━━━━━ Supplied information

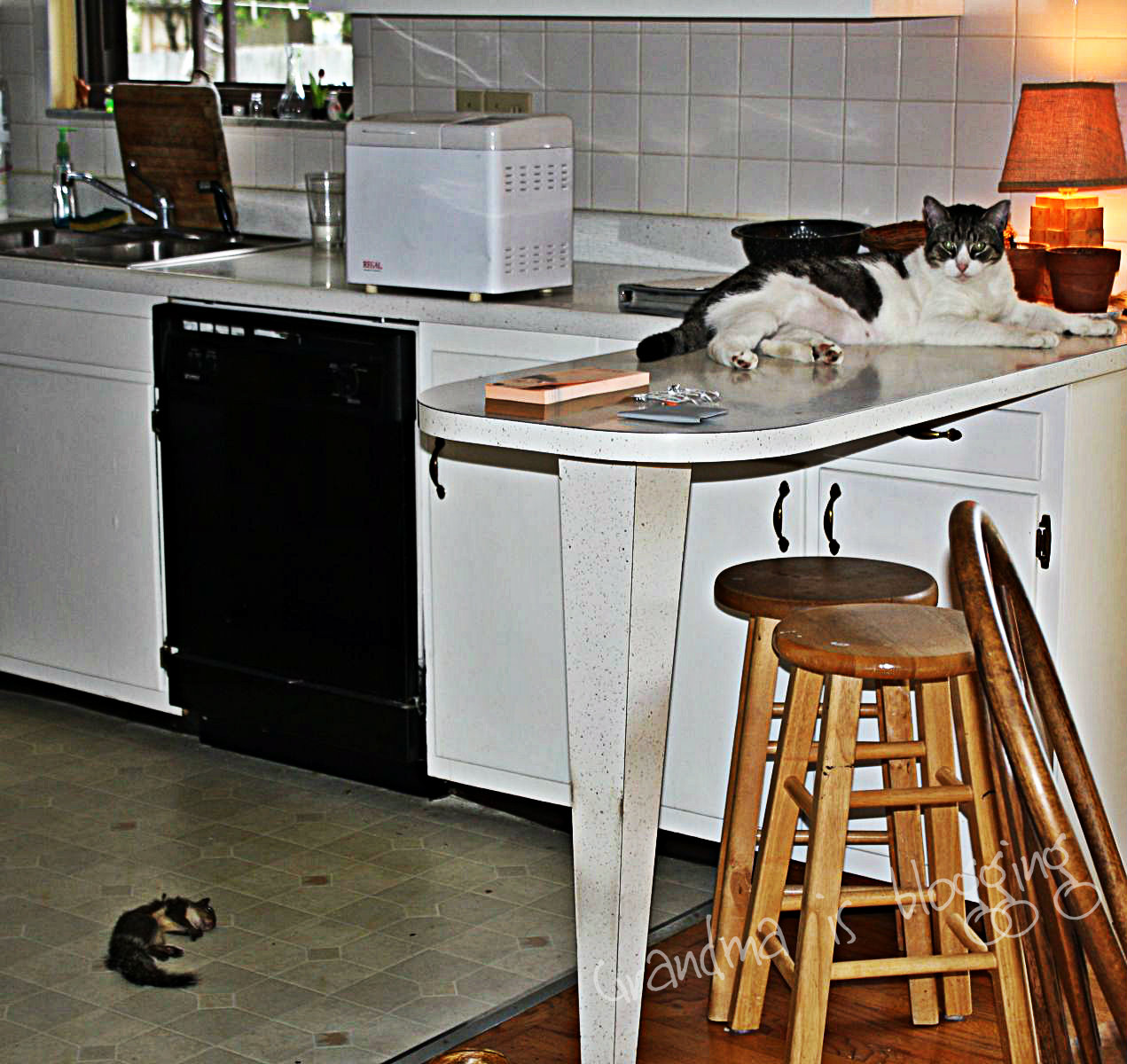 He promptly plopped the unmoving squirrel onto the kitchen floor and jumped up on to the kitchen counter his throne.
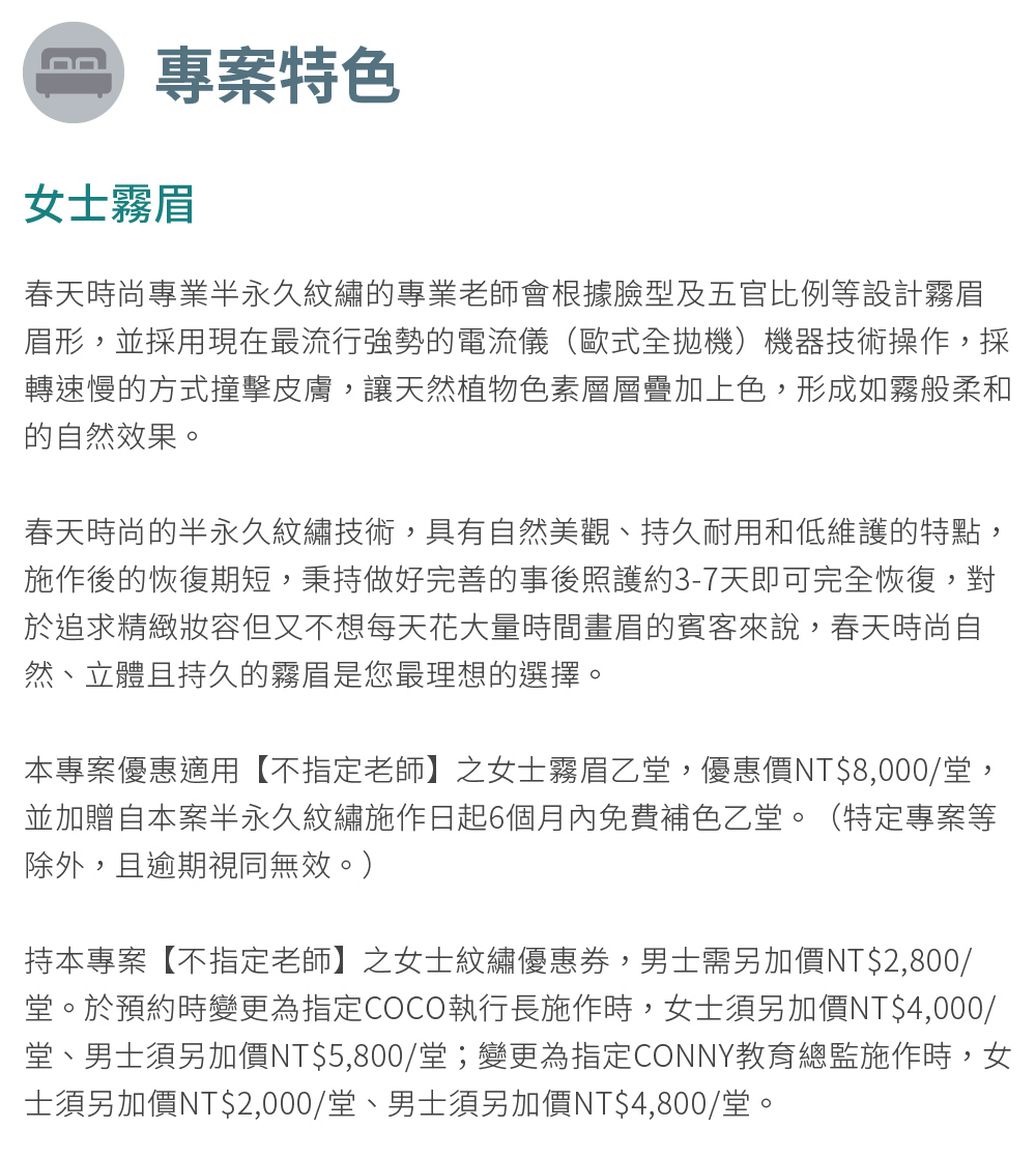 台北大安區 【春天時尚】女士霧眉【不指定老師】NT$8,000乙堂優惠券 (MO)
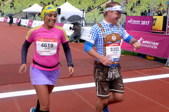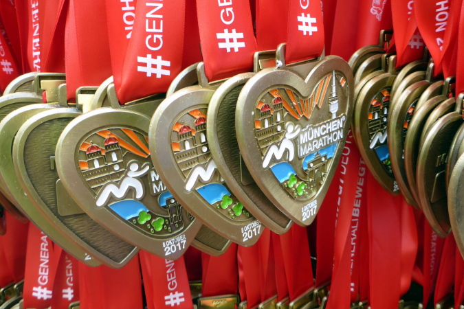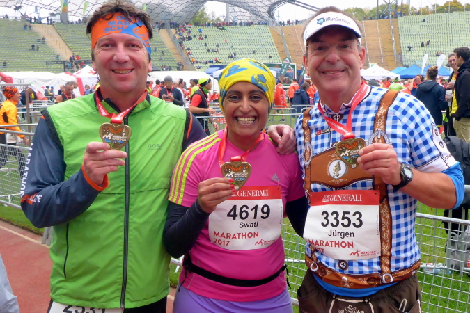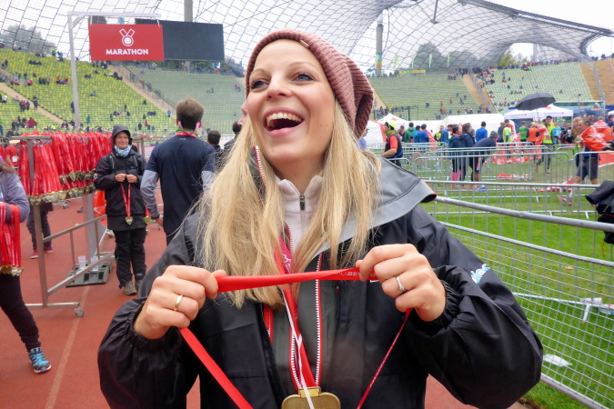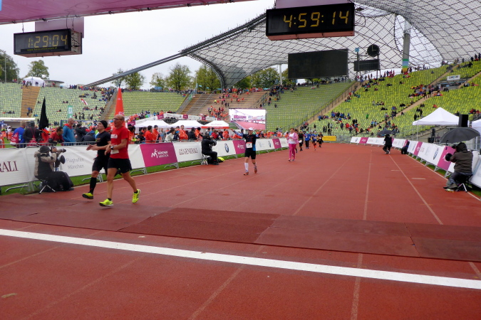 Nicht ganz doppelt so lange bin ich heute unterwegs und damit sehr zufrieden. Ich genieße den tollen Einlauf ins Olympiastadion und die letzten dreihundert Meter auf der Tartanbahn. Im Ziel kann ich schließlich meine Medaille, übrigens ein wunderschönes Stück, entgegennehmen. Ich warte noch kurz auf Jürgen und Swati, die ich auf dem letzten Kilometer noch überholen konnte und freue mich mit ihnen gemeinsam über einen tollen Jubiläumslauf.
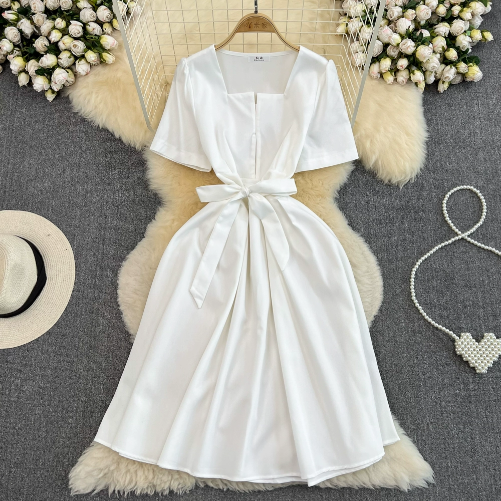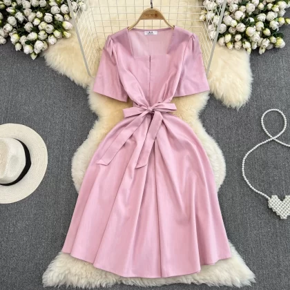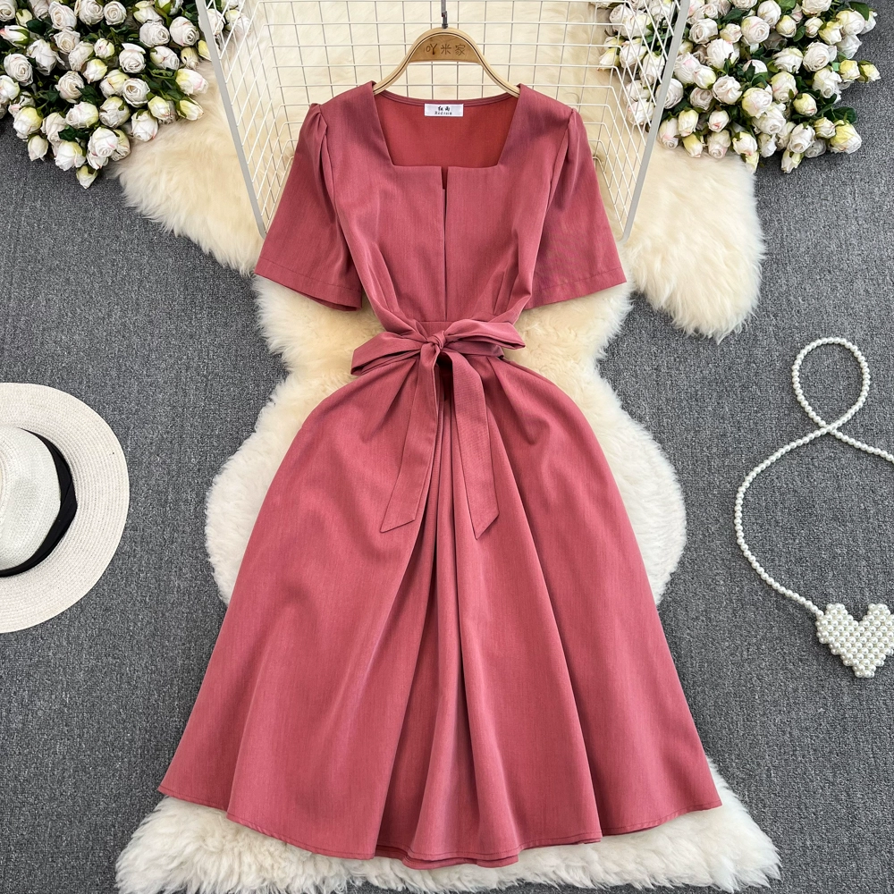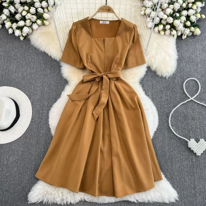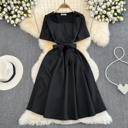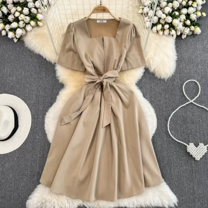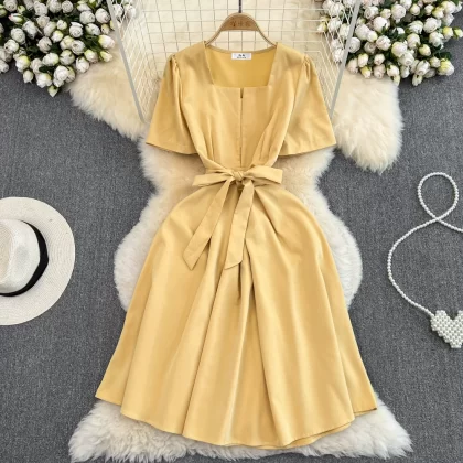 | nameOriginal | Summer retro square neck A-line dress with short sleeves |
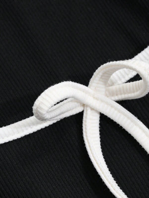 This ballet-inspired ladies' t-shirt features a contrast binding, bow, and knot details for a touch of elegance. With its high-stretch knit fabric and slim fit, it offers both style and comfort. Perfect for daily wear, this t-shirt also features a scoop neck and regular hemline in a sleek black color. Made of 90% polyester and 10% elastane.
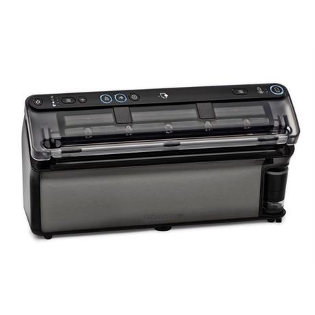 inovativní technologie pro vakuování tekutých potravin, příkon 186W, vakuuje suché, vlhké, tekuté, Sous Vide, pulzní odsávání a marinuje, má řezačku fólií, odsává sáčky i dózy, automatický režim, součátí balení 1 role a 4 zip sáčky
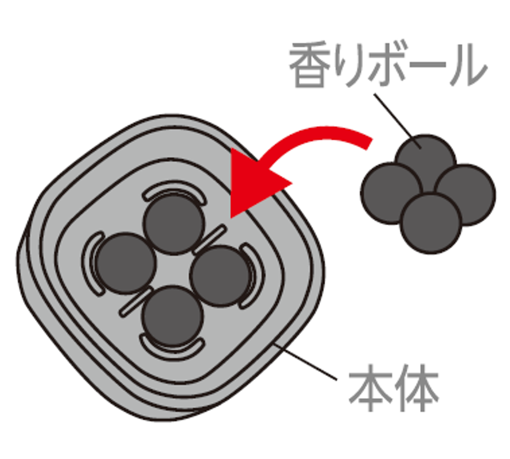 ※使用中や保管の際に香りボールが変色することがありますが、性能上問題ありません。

━━━━━━━━━━

## What is needed
What is needed is a verbatim copy of the material, minus its pictures.

## Problem solution
 He promptly plopped the unmoving squirrel onto the kitchen floor and jumped up on to the kitchen counter his throne.
 台北大安區 【春天時尚】女士霧眉【不指定老師】NT$8,000乙堂優惠券 (MO)
 Nicht ganz doppelt so lange bin ich heute unterwegs und damit sehr zufrieden. Ich genieße den tollen Einlauf ins Olympiastadion und die letzten dreihundert Meter auf der Tartanbahn. Im Ziel kann ich schließlich meine Medaille, übrigens ein wunderschönes Stück, entgegennehmen. Ich warte noch kurz auf Jürgen und Swati, die ich auf dem letzten Kilometer noch überholen konnte und freue mich mit ihnen gemeinsam über einen tollen Jubiläumslauf.
 | nameOriginal | Summer retro square neck A-line dress with short sleeves |
 This ballet-inspired ladies' t-shirt features a contrast binding, bow, and knot details for a touch of elegance. With its high-stretch knit fabric and slim fit, it offers both style and comfort. Perfect for daily wear, this t-shirt also features a scoop neck and regular hemline in a sleek black color. Made of 90% polyester and 10% elastane.
 inovativní technologie pro vakuování tekutých potravin, příkon 186W, vakuuje suché, vlhké, tekuté, Sous Vide, pulzní odsávání a marinuje, má řezačku fólií, odsává sáčky i dózy, automatický režim, součátí balení 1 role a 4 zip sáčky
 ※使用中や保管の際に香りボールが変色することがありますが、性能上問題ありません。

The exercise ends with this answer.